先生からは、銀南!銀南!って、本当に可愛いがられていたけど、おいらが一本立ちする前に先生は亡くなって、奥様には、おいら、大層嫌われていたからなぁ、支度金とは名ばかりの端金で、縁切りされて、四十九日も済まないうちに追ん出されたっけ。
それからだよ、運に見放され、職を転々とするの。。。
ハナは手間がいいって言うから、おいら、大工に弟子入りしたが、力仕事は向いてねぇーから、三日で辞めて、直ぐに左官になったんだぁ。
これも、土を捏ねるのがキツくてキツくて、五日持たずに辞めた。
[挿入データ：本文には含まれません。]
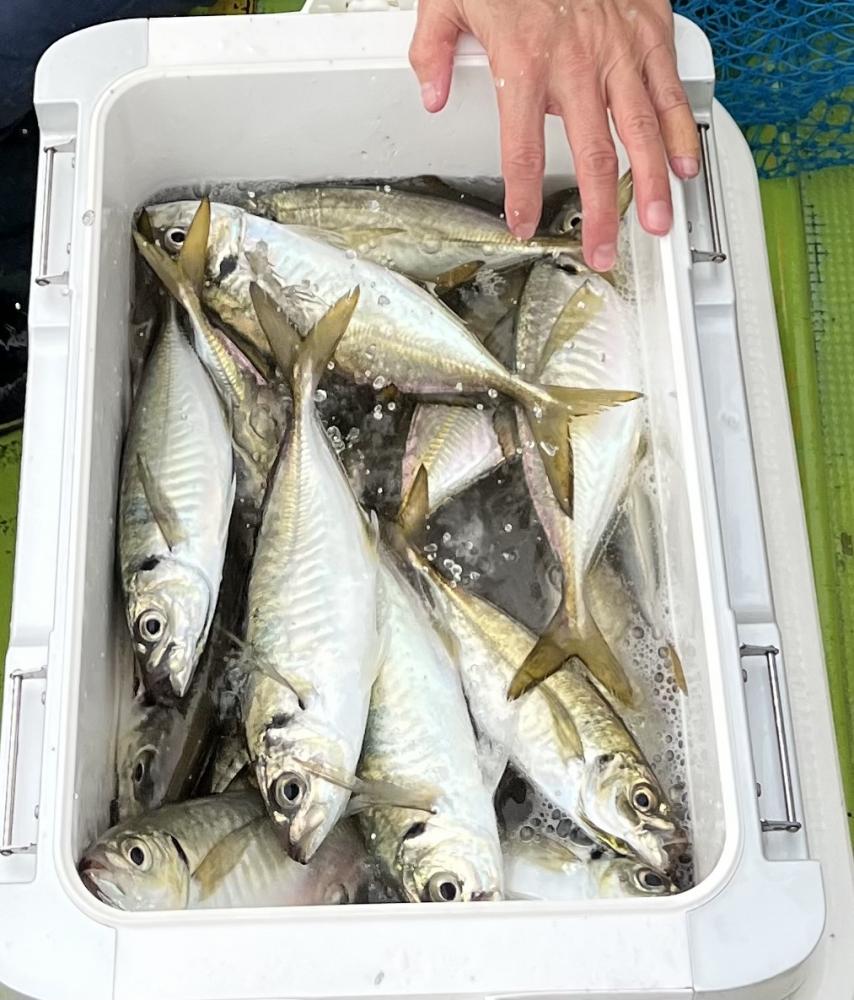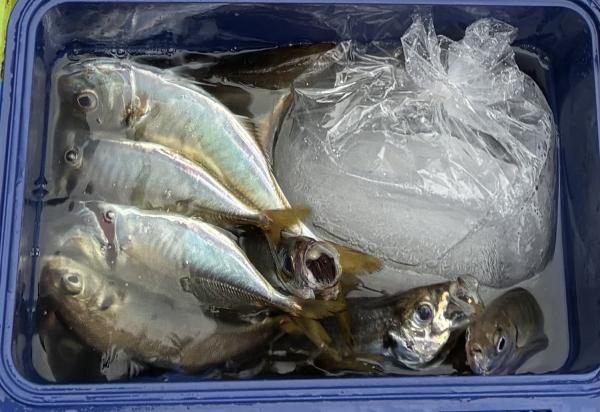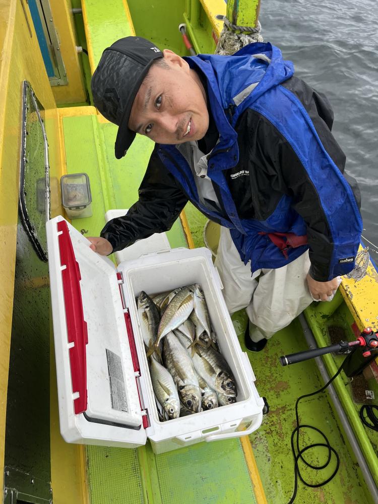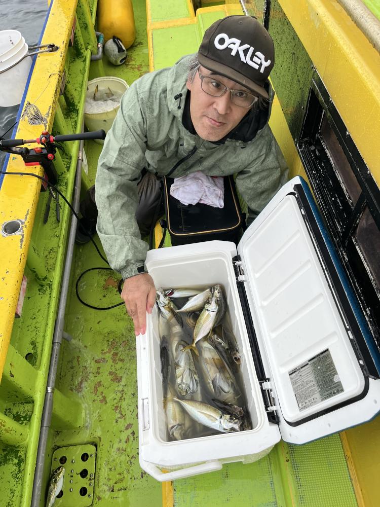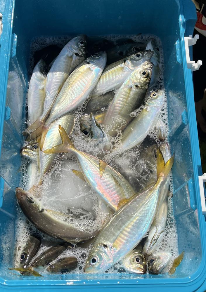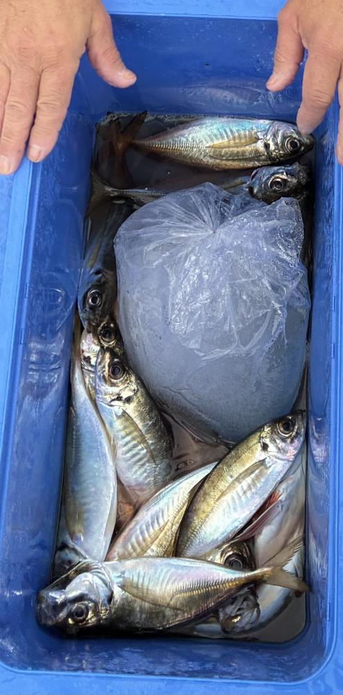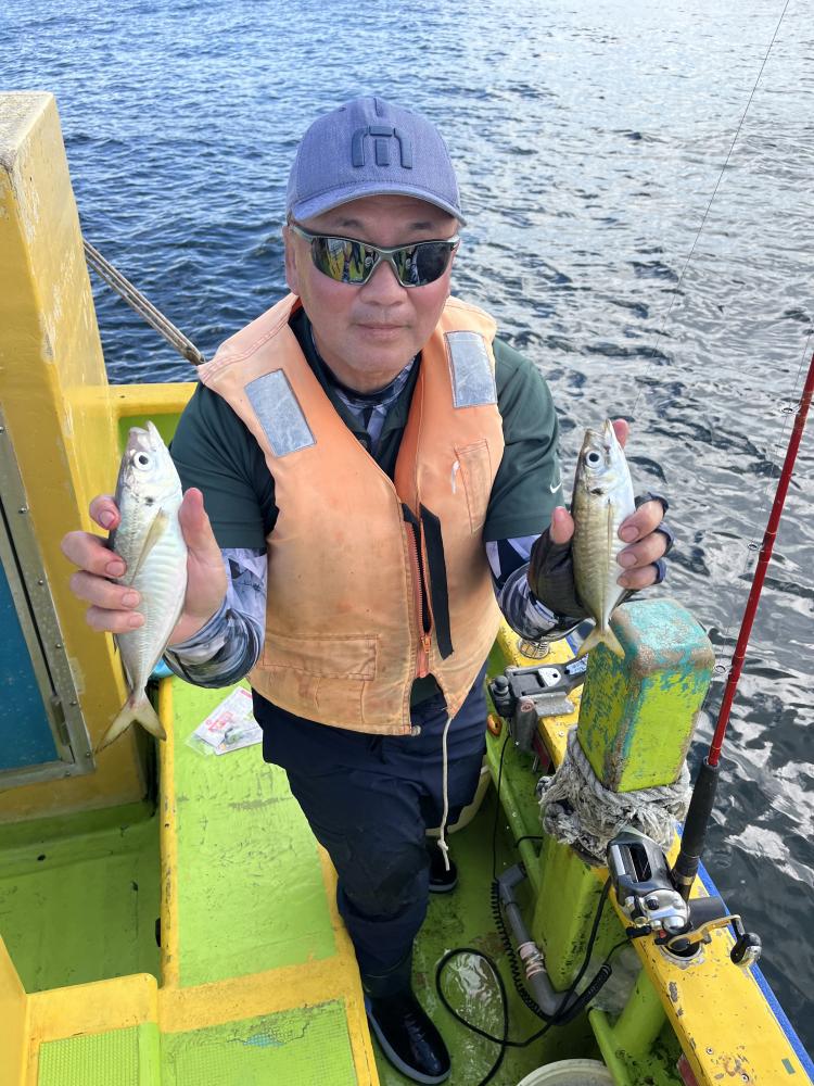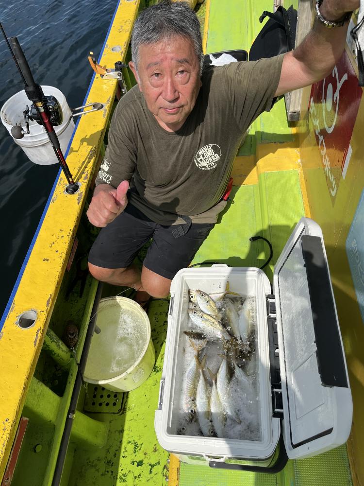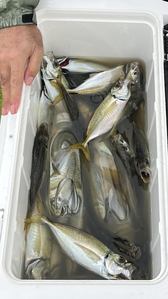 10時45分にタチウオ狙いは終了して、ナギの海上で、レンタルテンヤロッド多数の片付けからレンタルアジロッド多数の支度、ロッドキーパーの取り付けから電源接続、猿島金アジポイントで釣り方レクチャーからの実釣までの取次ぎ時間は1時間20分のアジ釣り開始時間は11時05分となりました、沖上がり時間まで1時間55分とポイント探索時間も限られてある中、実釣開始、反応が入って来ると猿島金アジの顔見られるも❓中々連打❗️連打❗️とはならず、ポイント探索からの探索からの実釣開始するも❓ラスト30分で実釣開始すると活性の高い群れに遭遇して連打❗️連打❗️のシーンもあり、ビシアジデビュー戦の方々にもプチ盛り上がりを体験して頂けました⭕️

その後は力仕事じゃなく、側(ハタ)から見てると楽しそうだったんで、絵描に弟子入りしたんだが、これが楽なんだけど、手間賃はくれない、飯も出ないから、二日保たなかった。
その後は、魚屋、八百屋は売り声がダメで、全く売れやしないし、親方がすぐ手を挙げる人で、ボウズで帰ると、ボッコボコにされてクビ!って言われた。
やっと、コブが引いて人前に出られる面に戻ったから、今度は芝居小屋の雑用に入ったと思ったら、小屋が潰れてまた無職に逆戻り。
暫くさぁ、芝居小屋ん時の支配人に誘われて、見世物小屋で働いたが、あれは阿漕な商売で、田舎者を騙して銭を巻き上げるから、性に合わず辞めたんだぁ。
そんな事をしているうちに、博打場の遣い走りみたいな事をする様になり、ひょんな事から幇間(タイコモチ)になったんだが。。。
そしたらさぁ、見習い医者時代のツテで、その当時の得意先の大店の御主人衆が、ハナは、銀南!銀南!って贔屓にしてくれたんだ。
ここで、やっと俺にも運が向いて来た!ってんで、勘違いしたんだなぁ、今の女房と所帯を持っちまった!!
その女房が、芸者か女郎を嫁にしてりゃ、俺の代わりに働かせたのに、仲居上がりじゃ、全く潰しが利きません!!ガミガミ文句を言うばっかりで。。。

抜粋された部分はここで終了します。